Among the lines below, restate word for word only those from the line with "Le jour se lève" through the line with "가구수2024년1인가구2,228,44", with both end lines kept.
:: STUDY MATERIAL ::
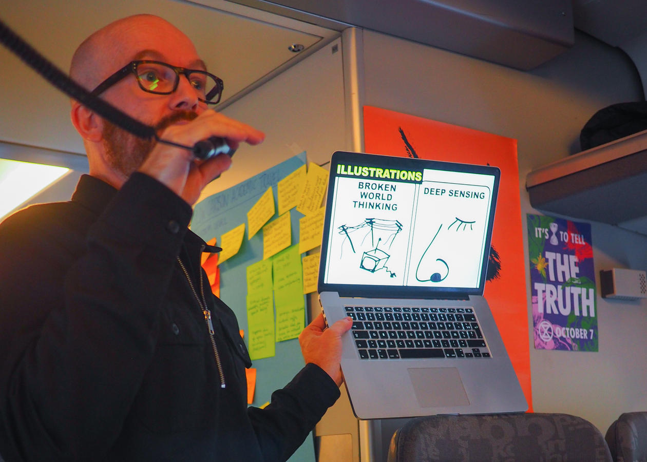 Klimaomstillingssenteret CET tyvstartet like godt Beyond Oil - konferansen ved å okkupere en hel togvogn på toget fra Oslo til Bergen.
:::
:: STUDY MATERIAL ::
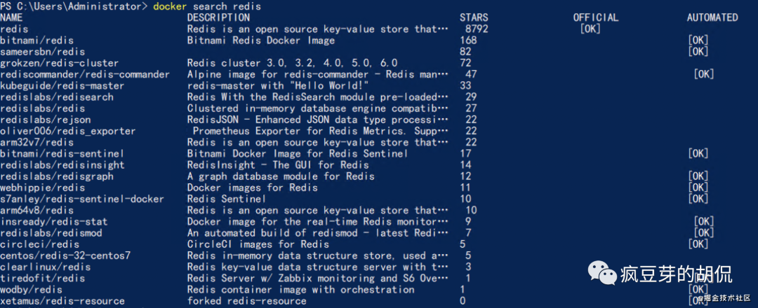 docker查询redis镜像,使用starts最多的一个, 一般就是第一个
:::
:: STUDY MATERIAL ::
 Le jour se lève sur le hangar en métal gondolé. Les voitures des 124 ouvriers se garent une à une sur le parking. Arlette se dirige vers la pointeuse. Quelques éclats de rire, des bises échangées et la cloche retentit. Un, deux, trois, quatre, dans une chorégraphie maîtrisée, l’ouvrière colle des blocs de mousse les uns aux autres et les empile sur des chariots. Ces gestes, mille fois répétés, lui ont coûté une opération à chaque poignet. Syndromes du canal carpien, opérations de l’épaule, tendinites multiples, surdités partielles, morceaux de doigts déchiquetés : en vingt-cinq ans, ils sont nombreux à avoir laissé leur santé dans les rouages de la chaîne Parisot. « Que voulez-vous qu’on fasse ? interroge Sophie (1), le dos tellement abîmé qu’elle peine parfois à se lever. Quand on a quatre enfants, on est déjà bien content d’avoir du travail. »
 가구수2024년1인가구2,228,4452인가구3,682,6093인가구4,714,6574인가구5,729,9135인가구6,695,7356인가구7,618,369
:::
(RESULT FOR THIS TASK):
 Le jour se lève sur le hangar en métal gondolé. Les voitures des 124 ouvriers se garent une à une sur le parking. Arlette se dirige vers la pointeuse. Quelques éclats de rire, des bises échangées et la cloche retentit. Un, deux, trois, quatre, dans une chorégraphie maîtrisée, l’ouvrière colle des blocs de mousse les uns aux autres et les empile sur des chariots. Ces gestes, mille fois répétés, lui ont coûté une opération à chaque poignet. Syndromes du canal carpien, opérations de l’épaule, tendinites multiples, surdités partielles, morceaux de doigts déchiquetés : en vingt-cinq ans, ils sont nombreux à avoir laissé leur santé dans les rouages de la chaîne Parisot. « Que voulez-vous qu’on fasse ? interroge Sophie (1), le dos tellement abîmé qu’elle peine parfois à se lever. Quand on a quatre enfants, on est déjà bien content d’avoir du travail. »
 가구수2024년1인가구2,228,4452인가구3,682,6093인가구4,714,6574인가구5,729,9135인가구6,695,7356인가구7,618,369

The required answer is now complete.